Amazon Genomics CLI uses namespacing to prevent conflicts

Amazon Genomics CLI uses namespacing to prevent conflicts when there are multiple users, contexts, and projects in the same AWS account and region.

In any given account and region, an individual user may have many projects with many deployed contexts all running at the same time without conflict as long as:

  1. No other user with the same Amazon Genomics CLI username exists in the same account and region.
  2. All projects, used by that user, have a unique name.
  3. All contexts within a project have a unique name.

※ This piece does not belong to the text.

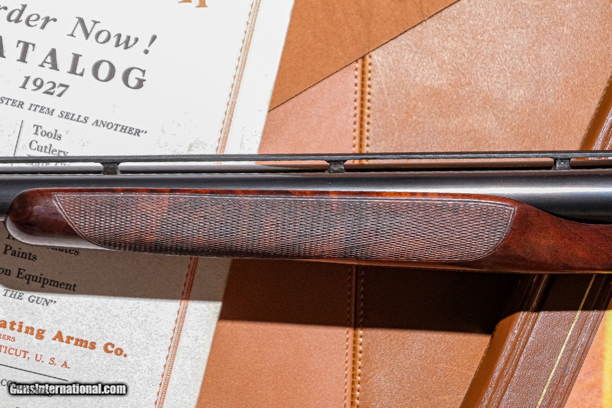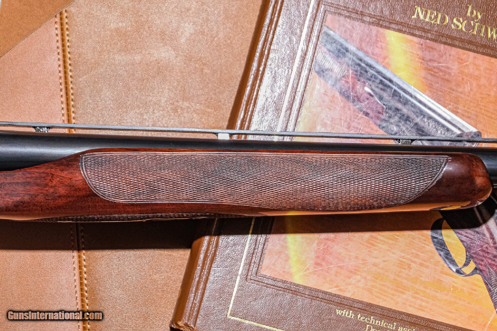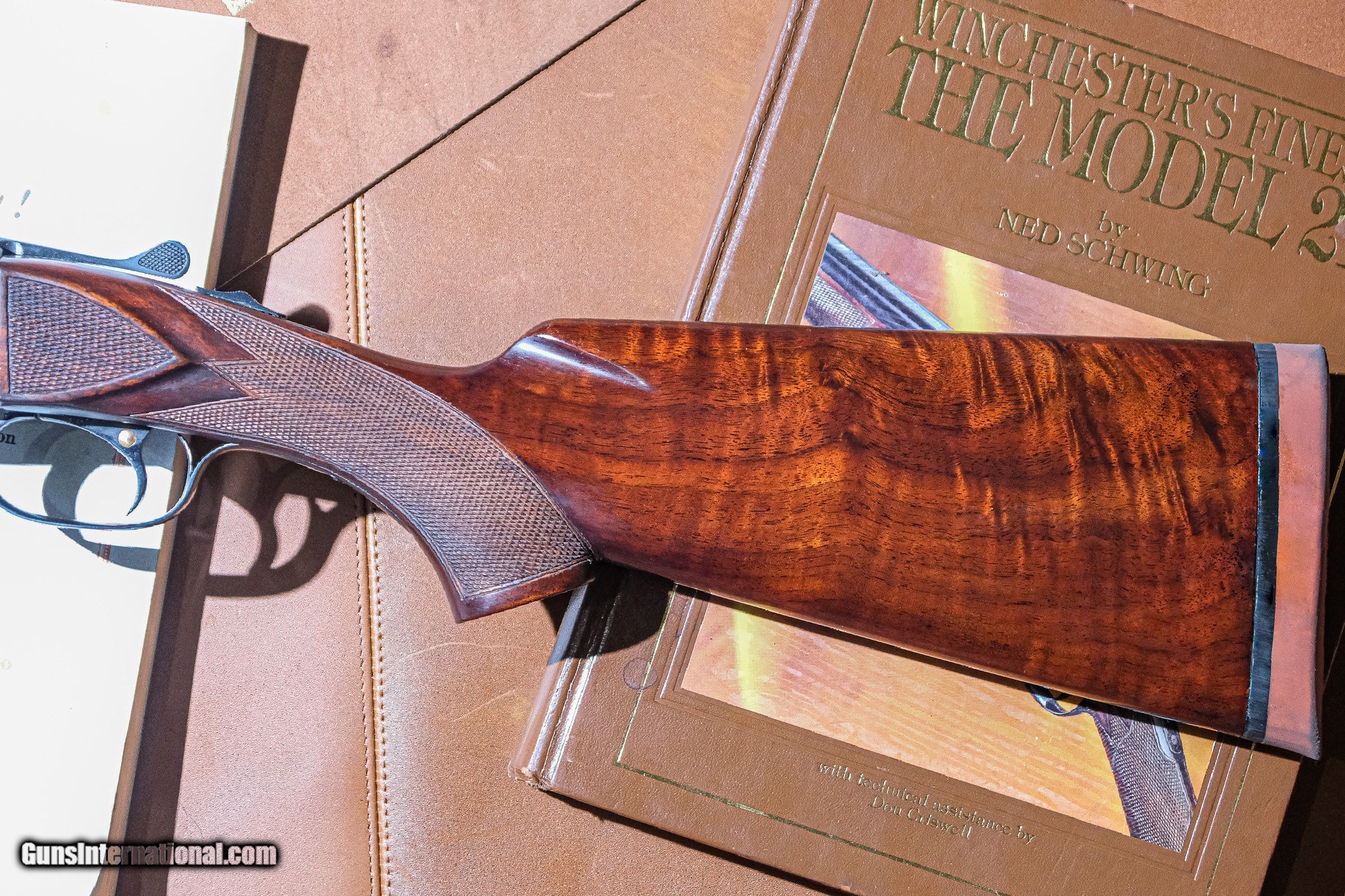 Description: Winchester - Model 21, SxS, Trap Grade, 12ga. 30" Vent Rib Barrels Choked F/F. 2 ¾” chambers, single selective trigger, automatic ejector, kidney style checkering with checkered side panels and three-point checkering on stock, Winchester pad, pistol grip. This is a rare factory vent rib gun. Highly figured wood. 99% blue, wood finish, and checkering. Perfect pins and screws. This is a rare configuration. Warrantied for life to the original owner courtesy of Connecticut Shotgun. Inv: 90656 7 lbs. 13 oz. 14" x 1 3/8" x 1 7/8" $7,995.00 CT Shotgun/Galazan buys sells and trades the world’s largest inventory on Model 21 shotguns. we are experts in all phases of buying, selling, and repairing as well as restoration of these very complex guns we have handled more Model 21 in all regards than all other companies put together. we have bought sold and manufactured most of the Grand Royal and Grand American grade guns and we understand them intimately. In 1994, Galazan/CT Shotgun purchased the Winchester Custom Shop from U.S. Repeating Arms Company and at that time designated the sole manufacturer and authorized repair for the Model 21, we purchased all of the inventory machining tooling and highly regarded trade secrets in regards to manufacturing and repairing maintaining these intricate shotguns. CT Shotgun/Galazan continues to perform the only authorized factory service on all these fine guns if you are interested in purchasing repairing or altering a Model 21 we should be your sole source when it comes to a Model 21 every gun we sell is serviced and inspected, comes with our lifetime warranty. CT/Galazan also has all assorted accessories, original style cases and recoil pads. WHY BUY A MODEL 21? 1. No one knows the gun better than us. 2. We are the only authorized repair facility for Model 21s. 3. We build the new Winchester Model 21. 4. We build the CSMC Model 21. 5. Every gun receives a safety inspection before sold to a customer. 6. Most guns are detailed, cleaned & lubricated and any parts charged to make them as factory new. 7. Fair honesty, reputable dealing for over 50 years. 8. Very competitive pricing. If you compare our guns to any other gun on the market, you will find in most instance that our guns are the best value. The best are brought up to factory specs which, in some cases, can be more than the gun. 9. The largest collection of Model 21s in the world. 10. Why any Model 21 SxS you buy from us; we offer a lifetime mechanical warranty. The largest, most diverse, high-grade shotgun and firearms inventory in history. There is no one even close and a service department to back up everything we sell with our unparalleled warranty to support our customers exclusively. If someone tells you they have a larger inventory, just look for yourself. Price: $7,995.00 Contact Seller |

Shared Project Definitions

Project definitions can be shared between users. A simple way to achieve this is by putting the project YAML file and associated workflow definitions into a source control system like Git. If two users in the same account and region start contexts from the same project definition, these contexts are discrete and include the Amazon Genomics CLI username in the names of their respective infrastructures.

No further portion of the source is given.